Alexa Johnston writing in her latest Ladies a Plate Newsletter:
While browsing through recipe books looking for good ideas for using up a
surplus of jams and preserves, I became engrossed in a charmingly titled book 'Treasure
Trove of Hungarian cookery'by Mariska Vizvari, published in Budapest in 1961.
Here is the description from the dustjacket: 'A collection of delicious recipes
written by a delightful Hungarian actress, housewife and hostess, this book is
an ideal guide for all women - and men - who enjoy the adventure of excursions
into the cookery of different nations.' That's me.
The book was a gift from George Haydn, a generous and amusing man, a great
raconteur, a wonderful host and a dear friend. After arriving here from
Budapest just before the outbreak of the second World War, George built a good
life in New Zealand - his longevity a testament to the benefits of eating
large quantities of cheese, meat and butter, with bread on the side of course,
working hard, and playing lots of tennis. George always said that it was the
allure of unlimited butter that attracted him and his cousin Andrew to New
Zealand. . .
In the 'Treasure Trove' I found a 'Jam Cake' in which three layers of
buttery, sweet walnut pastry are filled with home made jams - perfect for my
purposes, and some tender cheese biscuits made with ground almonds and
sandwiched in pairs with a softened butter and cheese filling.
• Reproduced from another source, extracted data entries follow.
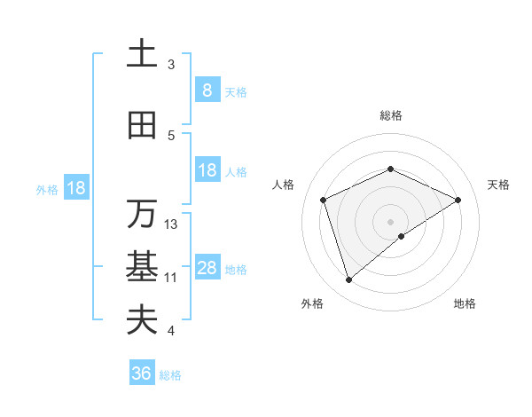 土田 万基夫さんを姓名の画数から五運を鑑定
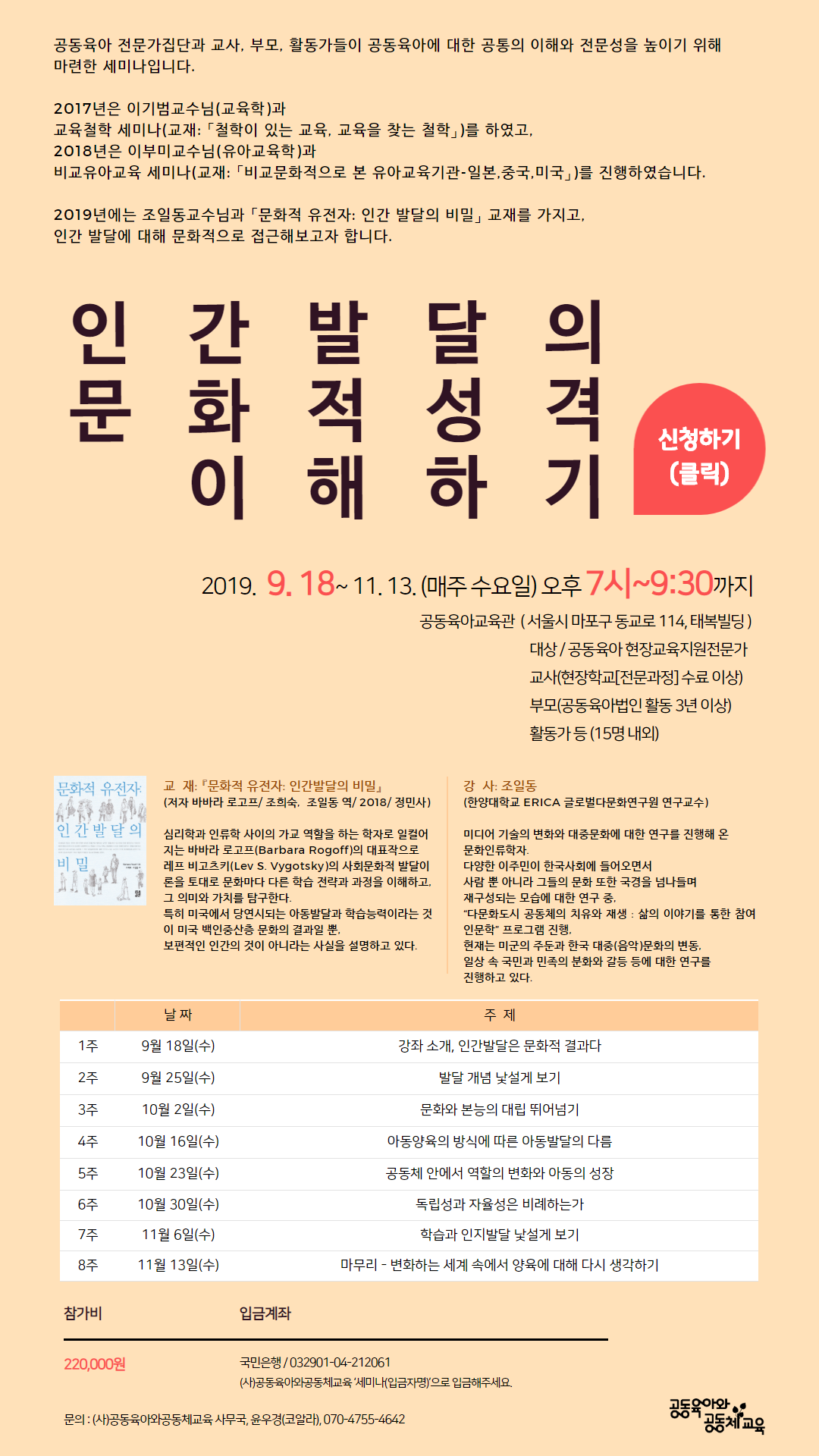 2019년 문화세미나 '인간 발달의 문화적 성격 이해하기' 페이지 정보 작성자 운영자 작성일19-08-09 10:25 조회1,639회 본문 Untitled Document 댓글목록 등록된 댓글이 없습니다. 이전글 다음글 목록
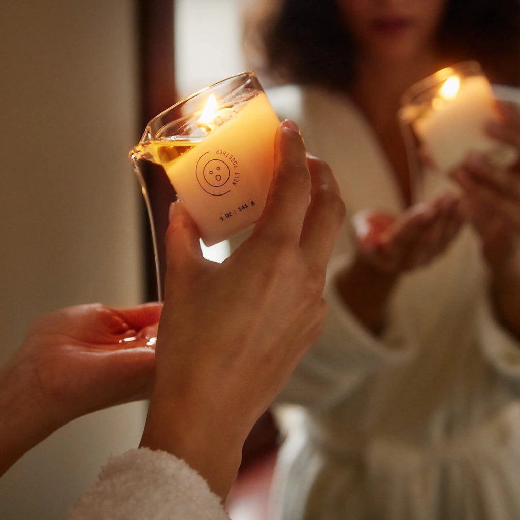 Zünde den Docht an und lass das Öl in einer gleichmäßigen Schicht schmelzen (ca. 20 Minuten). Lösch die Flamme. Gieß das Öl direkt auf die Haut oder nimm es mit den Fingerspitzen auf. Massiere es in die Haut ein, um ein gepflegtes und geschmeidiges Hautgefühl zu erhalten.

I think George
would have enjoyed them.
The other two recipes in this newsletter are from Italy and Spain, both sweet
treats suitable for autumn eating. Dulce de Membrillo is the best recipe I've
found for Quince Cheese or Quince Paste and comes from Anna MacMiadhachain's
1976 book 'Spanish Regional Cookery'. If you have a few quinces ripening slowly
at home do try this approach. She uses grated raw quince instead of cooked
quince and the result is a beautiful rose-pink, fresh-tasting quince cheese,
which cuts easily and keeps very well.
And from Carol Field's 1993 book 'Italy in Small Bites, a very easily made
Salame Dolce, or Chocolate Salami. I suppose it is an Italian version of New
Zealand's Biscuit Fudge Cake, but the raisins soaked in marsala or rum, the
pine nuts and the apricot jam make it extra special.
So none of the recipes this time are traditional Easter or Passover fare,
but all make excellent, rich, special-occasion treats and all, except the Dulce
de Membrillo, use plenty of delicous New Zealand butter. In memory of George.